That’s essentially what this is. They have a proxy layer, and then they have what’s called a pool of formed instances. As they see that you’re about to scale, they’ll warm up an the instance for you, make sure it’s ready, and then it will switch it up.

Let me tell you  a little bit more about exactly how that works. The proxy layer is a multi-tenant proxy layer. Of course, it’s multi-ID, it’s multi-region, and it’s ready for you. It’s multi-tenant, meaning, it’s not just you hitting that proxy layer. Then, I think that is some sort of  protect AWS’s own cause, they don’t want to waste containers or machines on customers that are not really falling through out of lane that proxy layer, and it is a place where they can keep customer data totally separated and segregated, and it’s fine.

The different calls through that proxy are not going to be able to see each other, and I guess they all started a lot of testing around making sure that there’s no noisy neighbor problems in the proxy, and the proxy all that it’s doing is just taking the SQL statements and sending them into the database.
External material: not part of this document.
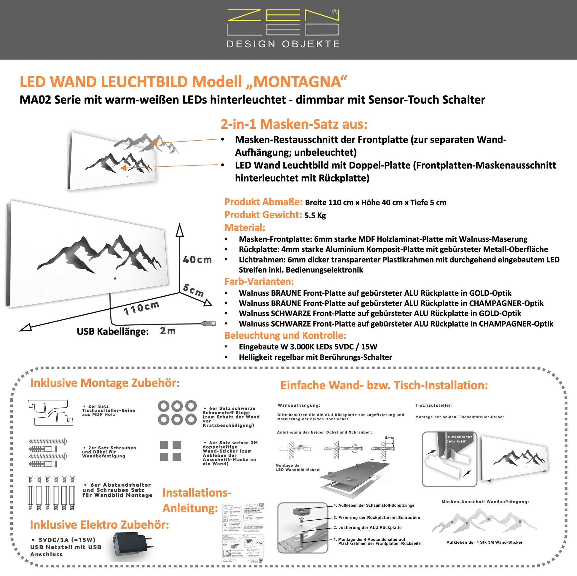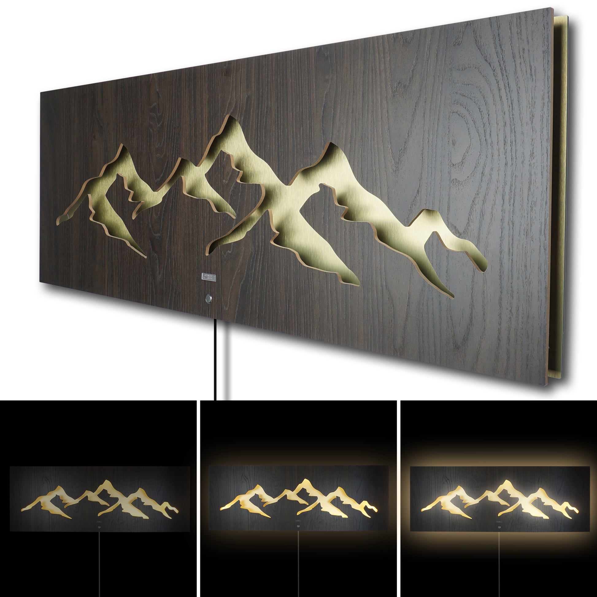 LED Wandbild MONTAGNA Berglandschaft | HOLZ-Optik mit Gold 110x40cm | Doppelplatte Holz und Metall mit 3D Lichteffekt | Wanddeko mit warm-weissen LEDs hinterleuchtet dimmbar | rustikal modern Landhaus

Then that warm pool, each instance is for a particular customer and that customer’s workload that they’re doing. The pool itself might have lots and lots of instances for lots and lots of customers, but whatever it’s warming up for your workload, it’s going to either be a bigger or smaller instance, based on the direction your work seems to be scaling.
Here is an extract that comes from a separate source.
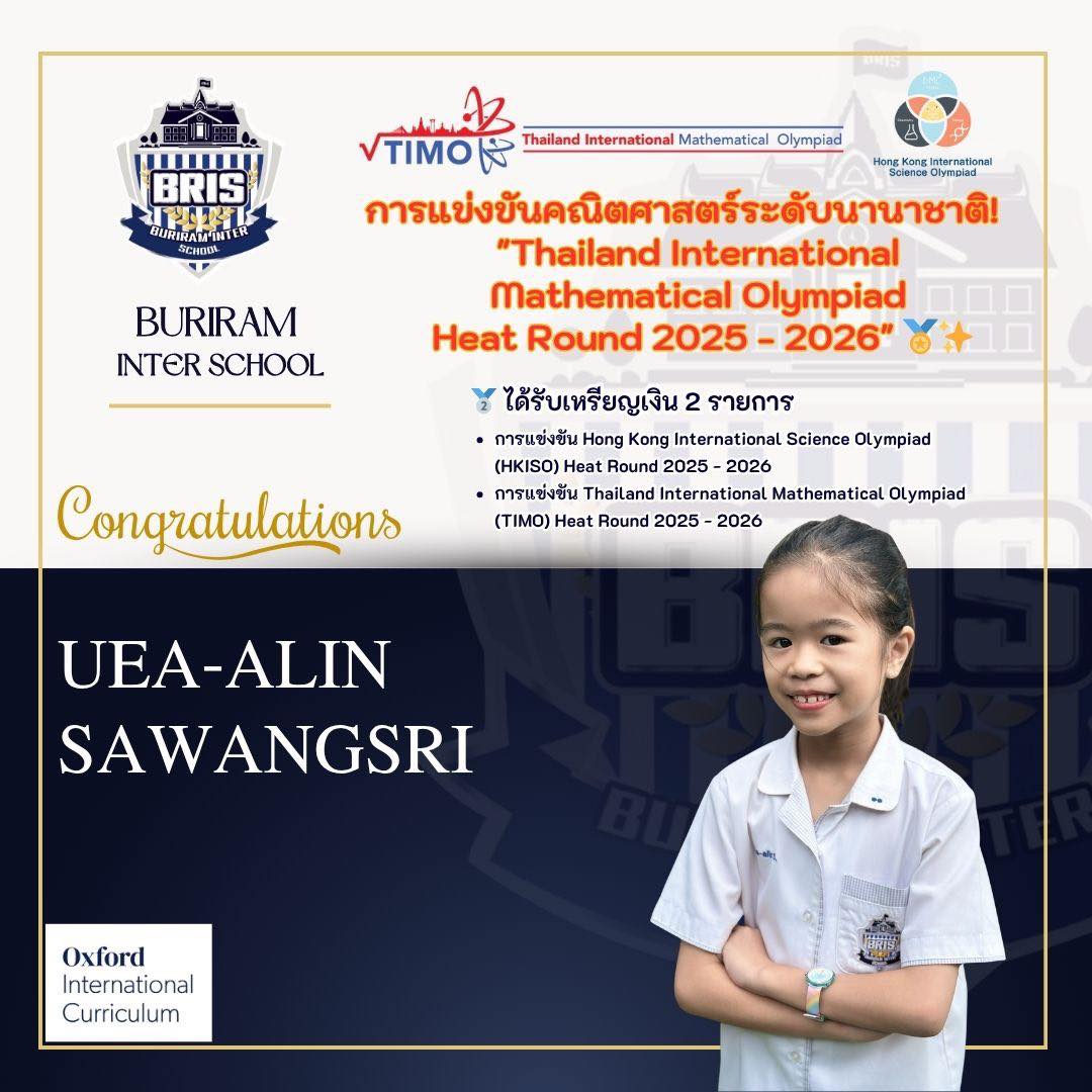 โรงเรียนบุรีรัมย์อินเตอร์สคูล ขอเป็นกำลังใจให้น้องเอื้ออลิน พัฒนาตนเองต่อไปเพื่อสร้างแรงบันดาลใจให้กับเพื่อนๆ และก้าวสู่ความสำเร็จที่สูงขึ้นต่อไป!

Let me find here in my notes. There are some things about the timing in this that were just amazing. There’s that one third component to this, the multi-tenant proxy layer, they have this pool of warming instances and then they have a monitoring system. The monitoring system is essentially just CPU usage and connections. As it sees CPU usage starting to climb or connection’s starting to get up to towards max connections, that’s when it warms up a new instance. If you’re scaling up it’s going to get one ready. I guess they have the ability to read in pages of the database very quickly and have that thing ready, have that buffer of the database ready to go. Then, they look for a little window of traffic, like lowering, and then it takes one second to switch from the old database to the new database. So, you do have a one second essentially outage in your system as you scale up or scale down between databases, which is just amazing. Most applications can handle that, especially if they’re web-based applications. One person can wait an extra second. They’ll just think their internet connection had a hiccup.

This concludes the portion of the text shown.